Tokenizer
Khmercut : A (fast) Khmer word segmentation toolkit.
Khmercut¶
Tokenize Khmer text using the khmercut library from Seanghay.
This function takes a string of Khmer text as input and uses the khmercut
library to tokenize it into individual words or tokens. This can be useful
for various natural language processing tasks such as text analysis,
machine learning, and information retrieval.
Examples:
>>> from pykhmernlp.tokenizer import khmercut
>>> khmercut("ខ្ញុំសុខសប្បាយ")
['ខ្ញុំ', 'សុខ', 'សប្បាយ']
Args:
text (str): The Khmer text to tokenize. It should be a string containing
valid Khmer characters.
Returns:
List[str]: A list of tokens.

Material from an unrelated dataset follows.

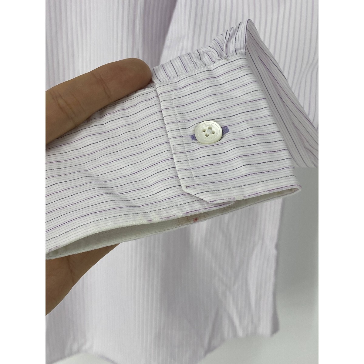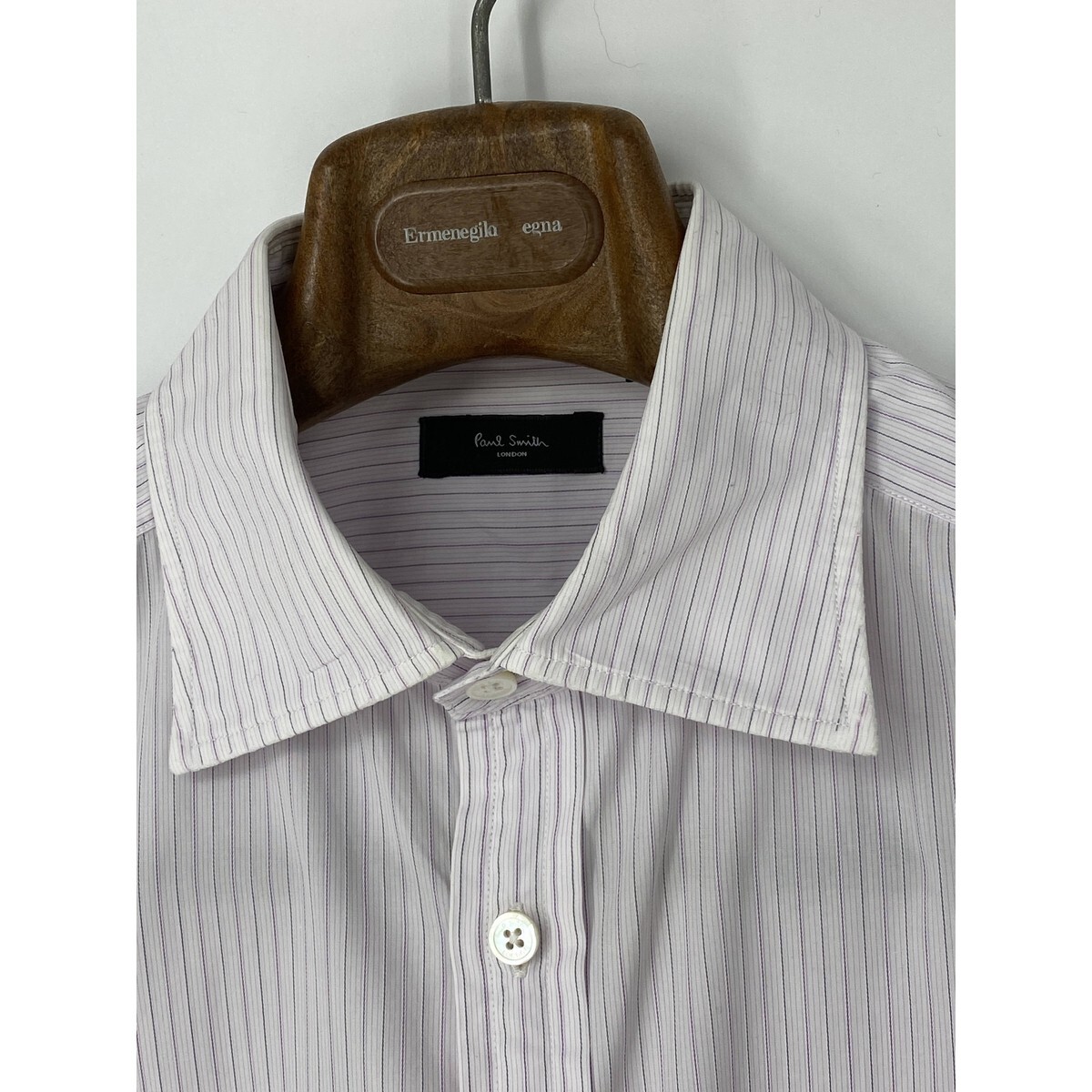 A8085/春夏 Paul Smith ポールスミス コットン ストライプ ワイドカラ― 長袖 ドレス カッター Yシャツ L 紫/メンズ スーツ用 ビジネス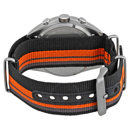 Stainless steel case with a striped nylon NATO strap. Fixed stainless steel bezel. Black dial with luminous silver-tone hands and Arabic numeral hour markers. Minute markers around the outer rim. Dial Type: Analog. Luminescent hands and markers. Date display at the 3 o'clock position. Two sub-dials displayings: 60 seconds and 30 minutes. Quartz movement. Scratch resistant sapphire crystal. Solid case back. Case diameter: 41 mm. Case thickness: 13 mm. Round case shape. Band width: 22 mm. Tang clasp. Water resistant at 100 meters / 330 feet. Casual watch style. Hamilton Khaki Pioneer Pilot Black Dial Men Watch H76552933.

Each token is a string representing a word
or meaningful unit in the Khmer text.
from pykhmernlp.tokenizer import khmercut
khmercut("ឃាត់ខ្លួនជនសង្ស័យ០៤នាក់ ករណីលួចខ្សែភ្លើង នៅស្រុកព្រៃនប់")
# => ['ឃាត់ខ្លួន', 'ជនសង្ស័យ', '០៤', 'នាក់', ' ', 'ករណី', 'លួច', 'ខ្សែភ្លើង', ' ', 'នៅ', 'ស្រុក', 'ព្រៃនប់']